The stones used in the construction were quarried under the city of Jerusalem. One of these quarries was rediscovered accidentally by an American physician, Dr. Barclay, in 1854. In order to provide a courtyard for the Temple, walls were built up from the sides of the mountains, and inside them, all spaces were filled with earth. At the northeast corner of the Temple area, the wall extends 110 feet below the present ground level. At the southeast corner, walls extend down 79 feet to bed rock and rises 77 feet above the ground. The foundation corner-stone at the southeast corner was found by archaeologists to measure 14 feet long and nearly 4 feet high.
The Bible abounds in interesting allusions to the corner-stone. The Prophet Isaiah, when speaking of the kingdom of God to be established under the new dispensation, exclaims, “Behold I lay in Zion for a foundation a stone, a tried stone, a precious corner store, a sure foundation.” (Is 28:16). The corner-stone, the foundation upon which Solomon’s Temple is built symbolizes the Truth upon which a man builds his spiritual house; the true Temple of God.
The stones symbolizes the Spiritual Temple of God. In allegory, each man is a master builder. As he builds his own body through which he must function, he is erecting a spiritual house. This work must be done of our own free will yet it must be under the direction of the “Master Builder.” (I Cor 3:16, 17 and Eph 2:22)
Among the structural architecture and decoration of Solomon’s Temple, none have exerted more interests than the two pillars Solomon named Yachin and Boaz. (II Chronicles 3:17). Yachin in Hebrew meaning “He shall establish” and Boaz meaning “in it is strength.” On top of the two pillars were chapiters that served as braziers for the burning of incense or oil. It is an established fact that in Solomon’s day, named pillars served as perpetual witnesses to solemn covenants, indicating that these two pillars may well have represented the two covenants God made with David, one to establish David’s throne forever (11 Sam 7:16), and the other to plant His people in a place of safety (II Sam 7:10).

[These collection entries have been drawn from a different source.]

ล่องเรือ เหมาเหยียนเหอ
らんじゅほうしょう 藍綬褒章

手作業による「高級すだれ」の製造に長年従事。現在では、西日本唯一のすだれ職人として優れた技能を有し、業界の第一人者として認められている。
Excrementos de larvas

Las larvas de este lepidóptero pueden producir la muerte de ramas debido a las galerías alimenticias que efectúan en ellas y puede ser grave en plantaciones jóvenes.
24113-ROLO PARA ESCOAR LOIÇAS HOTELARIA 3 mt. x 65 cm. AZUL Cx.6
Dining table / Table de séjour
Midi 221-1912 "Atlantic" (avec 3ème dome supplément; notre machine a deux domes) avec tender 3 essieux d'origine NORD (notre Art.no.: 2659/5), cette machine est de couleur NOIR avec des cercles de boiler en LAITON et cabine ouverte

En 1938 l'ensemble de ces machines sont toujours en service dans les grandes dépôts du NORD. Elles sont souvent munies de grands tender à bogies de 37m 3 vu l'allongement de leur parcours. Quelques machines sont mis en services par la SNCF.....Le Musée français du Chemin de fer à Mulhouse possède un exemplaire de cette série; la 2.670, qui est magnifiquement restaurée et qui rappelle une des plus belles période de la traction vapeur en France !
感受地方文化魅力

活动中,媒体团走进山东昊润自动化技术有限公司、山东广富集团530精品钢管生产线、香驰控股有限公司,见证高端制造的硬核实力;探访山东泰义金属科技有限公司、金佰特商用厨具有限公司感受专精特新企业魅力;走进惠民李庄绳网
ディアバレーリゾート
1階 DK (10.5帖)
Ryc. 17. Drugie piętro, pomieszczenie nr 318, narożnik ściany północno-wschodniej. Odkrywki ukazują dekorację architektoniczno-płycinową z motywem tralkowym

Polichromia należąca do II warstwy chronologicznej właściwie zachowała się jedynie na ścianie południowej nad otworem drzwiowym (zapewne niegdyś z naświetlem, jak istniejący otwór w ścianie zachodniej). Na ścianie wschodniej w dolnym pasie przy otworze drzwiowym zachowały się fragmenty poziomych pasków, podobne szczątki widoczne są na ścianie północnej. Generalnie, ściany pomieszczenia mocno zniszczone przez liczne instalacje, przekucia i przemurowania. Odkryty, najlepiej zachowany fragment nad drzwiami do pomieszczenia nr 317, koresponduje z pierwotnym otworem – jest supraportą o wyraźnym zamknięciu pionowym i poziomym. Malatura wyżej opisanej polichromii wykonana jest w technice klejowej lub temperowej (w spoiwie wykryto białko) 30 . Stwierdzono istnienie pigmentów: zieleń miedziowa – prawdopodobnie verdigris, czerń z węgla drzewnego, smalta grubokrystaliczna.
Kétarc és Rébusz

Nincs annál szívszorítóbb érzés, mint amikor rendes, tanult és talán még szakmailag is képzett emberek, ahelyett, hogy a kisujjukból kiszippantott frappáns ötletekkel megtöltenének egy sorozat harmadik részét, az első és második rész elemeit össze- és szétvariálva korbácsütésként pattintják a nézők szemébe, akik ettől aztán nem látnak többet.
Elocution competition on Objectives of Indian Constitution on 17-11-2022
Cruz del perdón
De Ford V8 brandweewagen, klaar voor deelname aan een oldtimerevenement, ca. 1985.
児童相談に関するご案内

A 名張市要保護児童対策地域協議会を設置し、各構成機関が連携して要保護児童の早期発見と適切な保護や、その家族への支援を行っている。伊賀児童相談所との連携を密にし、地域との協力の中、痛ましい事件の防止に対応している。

The Holy Place was a spacious room about 60 x 30 x 45 feet high. The interior walls were covered with panels of cedar wood carvings, consisting of cherubims, palm trees and flowers inlaid with gold. Palm trees were considered the “tree of life” because they lived so long and bore so much fruit. The carvings of flowers were the egg-shaped gourds and rosettes common in Solomon’s time. Relics such as the Altar of Burnt Incense, the Table of Shewbread and ten 7 branched lampstands were kept in The Holy Place.

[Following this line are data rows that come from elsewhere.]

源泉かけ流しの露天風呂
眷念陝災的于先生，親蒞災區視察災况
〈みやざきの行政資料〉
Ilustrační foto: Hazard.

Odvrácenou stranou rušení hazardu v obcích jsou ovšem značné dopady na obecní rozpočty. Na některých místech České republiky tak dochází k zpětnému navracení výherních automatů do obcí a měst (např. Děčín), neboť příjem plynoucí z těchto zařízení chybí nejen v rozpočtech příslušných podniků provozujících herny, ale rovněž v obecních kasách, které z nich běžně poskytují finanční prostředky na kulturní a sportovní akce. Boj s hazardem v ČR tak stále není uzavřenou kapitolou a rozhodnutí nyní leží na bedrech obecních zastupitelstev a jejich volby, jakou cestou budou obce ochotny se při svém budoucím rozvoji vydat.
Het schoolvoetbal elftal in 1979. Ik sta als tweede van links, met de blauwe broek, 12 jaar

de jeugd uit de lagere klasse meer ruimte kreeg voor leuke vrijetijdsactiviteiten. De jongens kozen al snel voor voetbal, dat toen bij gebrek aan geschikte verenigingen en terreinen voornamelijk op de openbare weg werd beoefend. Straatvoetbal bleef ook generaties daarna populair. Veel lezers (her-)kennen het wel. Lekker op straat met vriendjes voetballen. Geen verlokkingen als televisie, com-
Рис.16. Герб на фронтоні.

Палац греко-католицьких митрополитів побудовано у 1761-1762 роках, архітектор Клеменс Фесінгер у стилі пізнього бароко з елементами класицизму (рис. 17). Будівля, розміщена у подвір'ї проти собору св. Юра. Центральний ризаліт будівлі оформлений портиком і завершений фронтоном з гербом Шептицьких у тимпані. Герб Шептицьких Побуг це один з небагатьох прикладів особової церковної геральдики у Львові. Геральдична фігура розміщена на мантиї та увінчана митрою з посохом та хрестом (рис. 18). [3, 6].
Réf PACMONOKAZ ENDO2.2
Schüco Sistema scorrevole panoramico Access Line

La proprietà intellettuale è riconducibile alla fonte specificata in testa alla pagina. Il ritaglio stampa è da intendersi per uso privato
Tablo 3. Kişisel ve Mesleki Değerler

The lampstands stand for the divine presence – “I am the light of the world: he that followeth me shall not walk in darkness, but shall have the light of life;” (John 8:12) “the Lamb is the light thereof” (Rev 21:23); “In him was life; and the life was the light of men. And the light shineth in darkness; and the darkness comprehended it not.”(Jon 1:4,5).
The Table of Shewbread held the twelve loaves of bread known as the “Bread of the Presence,” which the Priests brought fresh into the Holy Place each Sabbath. This offering was required to be continually in the presence of the Lord. (Ex 25:30) The twelve loaves represented the twelve tribes, who were to be, in a mystical sense, like our Lord, the “Bread of Life.” (John 6:35) Christ referred to himself as the “true bread from heaven.” (John 6:31-35).
In addition to the twelve loaves, there stood the vessels of wine to typify the body and blood of Christ, so offered by our Lord at the Last Supper. Each Sabbath, the priests partook of the sacrament. As a side note: Sabbath does not mean Sunday or any other day of the week. All Hebrew Sabbaths were on fixed days of the month. The days were not named, they were numbered. And, besides the regular Sabbath, Israel had many Feast days (Sabbaths), Fast days (Sabbaths) and annual Sabbaths.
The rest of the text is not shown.